It appeareth, then, that the secret and revealed will of God are diverse in sundry respects, but chiefly in regard of their acts and their objects. First, In regard of their acts, the secret will of God is his eternal decree and determination concerning any thing to be done in its appointed time; his revealed will is an act whereby he declareth himself to love or approve any thing, whether ever it be done or no. Secondly, They are diverse in regard of their objects. The object of God’s purpose and decree is that which is good in any kind, with reference to its actual existence, for it must infallibly be performed; but the object of his revealed will is that only which is morally good (I speak of it inasmuch as it approveth or commandeth), agreeing to the law and the gospel, and that considered only inasmuch as it is good; for whether it be ever actually performed or no is accidental to the object of God’s revealed will.

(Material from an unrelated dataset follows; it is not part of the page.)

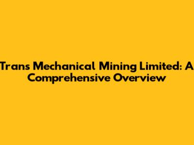 Trans Mechanical Mining Limited: Services, History, And Impact
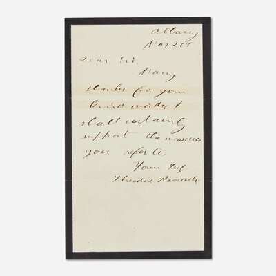 Albany, Mar(ch) 26th, (1884). One sheet folded to make four pages, 8 x 4 3/4 in. (203 x 121 mm). Autograph letter, on mourning stationery, signed by Theodore Roosevelt, as a member of the New York State Assembly, likely less than a month after the death of his first wife, Alice Hathaway Lee, and his mother, Martha Stewart "Mittie" Buloch: "Dear Sir/Many/thanks for your/kind words. I/shall certainly/support the measures/you refer to./yours truly/Theodore Roosevelt." Creasing from original folds. In fine condition.

Now, of these two differences the first is perpetual, in regard of their several acts; but not so the latter. They are sometimes coincident in regard of their objects. For instance, God commandeth us to believe; here his revealed will is that we should so do: withal, he intendeth we shall do so; and therefore ingenerateth faith in our hearts that we may believe. Here his secret and revealed will are coincident; the former4 being his precept that we should believe, the latter his purpose that we shall believe. In this case, I say, the object of the one and the other is the same, — even what we ought to do, and what he will do. And this inasmuch as he hath “wrought all our works in us,” Isaiah 26:12. They are our own works which he works in us; his act in us and by us is ofttimes our duty towards him. He commands us by his revealed will to walk in his statutes, and keep his laws; upon this he also promiseth that he will so effect all things, that of some this shall be performed: Ezekiel 36:26,27,

“A new heart also will I give you, and a new spirit will I put within you: and I will take away the stony heart out of your flesh, and I will give you an heart of flesh. And I will put my Spirit within you, and cause you to walk in my statutes, and ye shall keep my judgments and do them.”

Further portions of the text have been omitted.